Ya por entonces se comprendía, no podía ser de otro modo, que únicamente el patrimonio heredado de nuestros mayores, la tradición histórica de este concejo, inexorablemente vinculada a Don Pelayo y la gesta de Covadonga, podía justificar la concesión de tales honores, pues el modesto perímetro de la villa de Cangas de Onís impedía su consideración como urbe.

La mínima urbe era, sin embargo, máxima sedium, primera capital del incipiente Reino de Asturias, germen del que, siglos después, culminaría en Granada la reconquista del territorio musulmán. La corte de Don Pelayo, de Favila, de Alfonso I el Católico, de Fruela I y de Aurelio, fue referencia de este territorio.

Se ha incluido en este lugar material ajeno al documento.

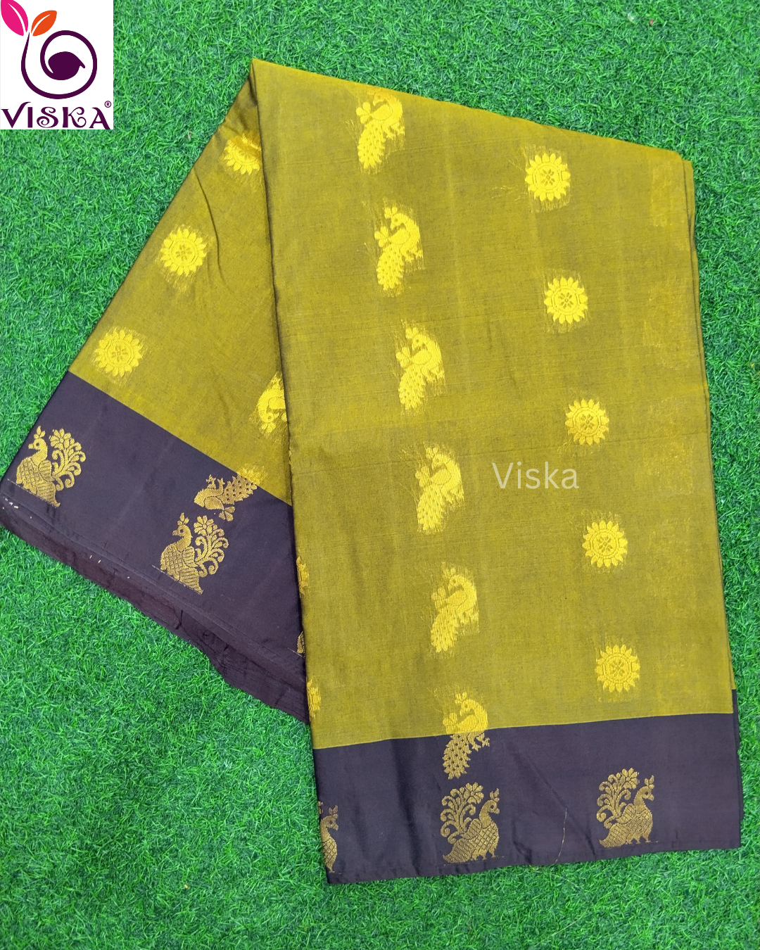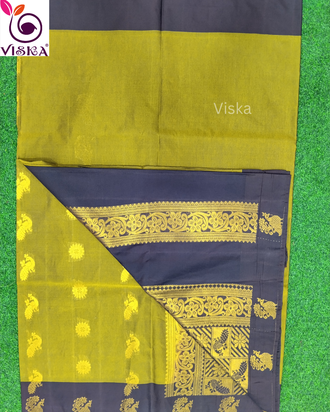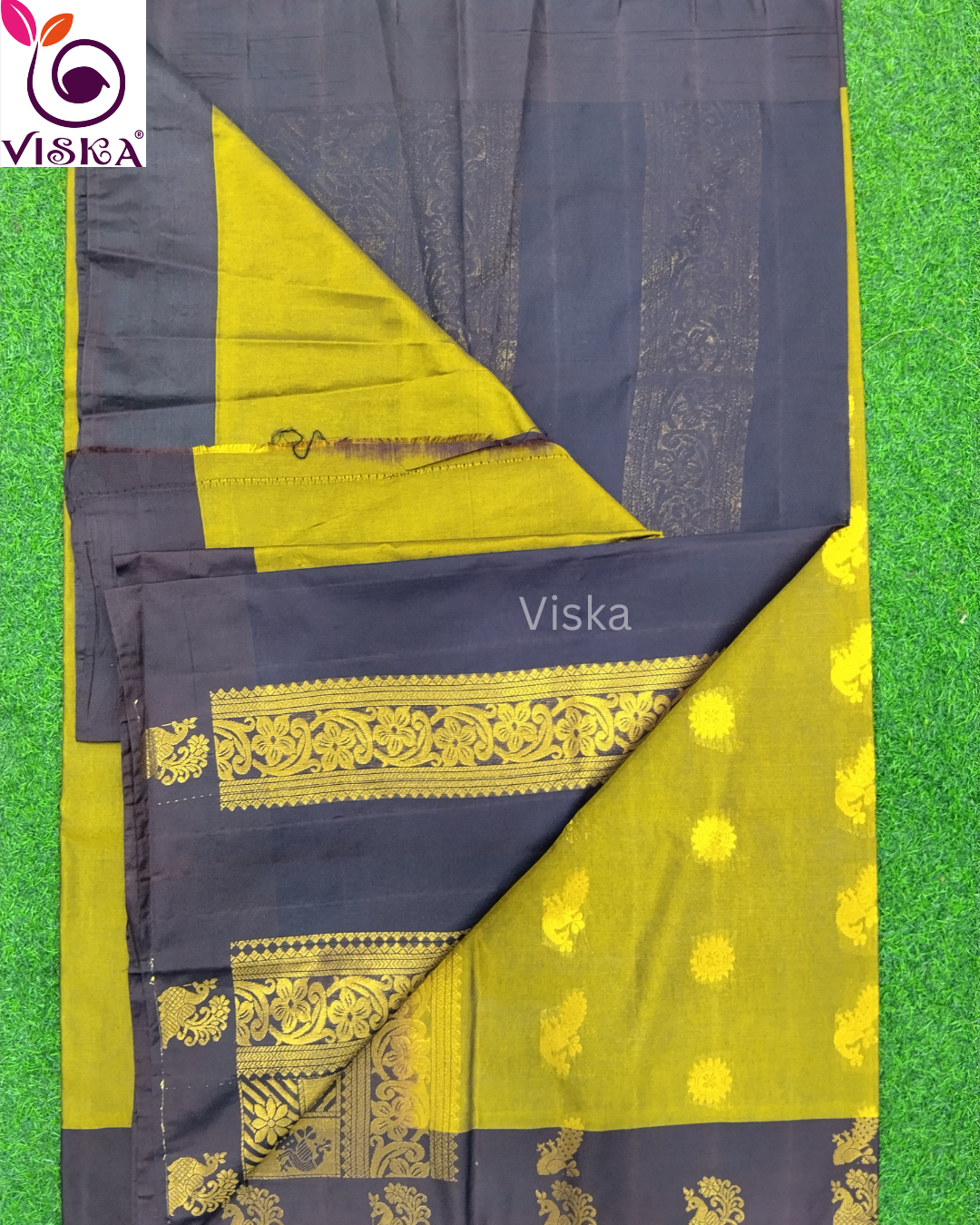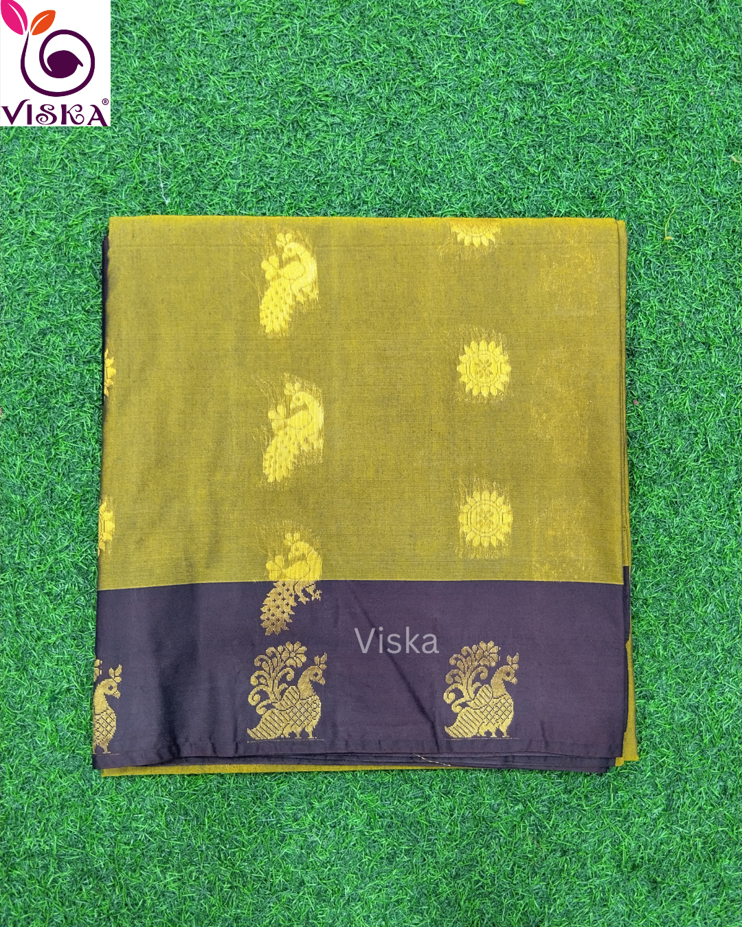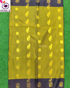 Gadwal Cotton SIlk Saree Mustard and brown with rich Pallu and zari woven border

Esta tradición histórica, que a todo buen cangués llena de sano orgullo, sin falsas vanidades, sabiéndose habitante de una tierra que hace 1300 años poblaron sus ancestros, en el épico momento que vio surgir un pueblo nuevo, es la que da carta de origen a esta conmemoración y no otra.
Aquel ilustre cangués que fue José González y Sánchez Tuñín, alcalde de Cangas de Onís, defensor sin par de nuestra rancia historia, que solicitase en aquel entonces para el monasterio benedictino de San Pedro de Villanueva y la iglesia de Santa Eulalia de Abamia, sepulcro del primer Rey de Asturias, su declaración como monumentos nacionales, entendió que nuestra tradición reclamaba el reconocimiento oficial.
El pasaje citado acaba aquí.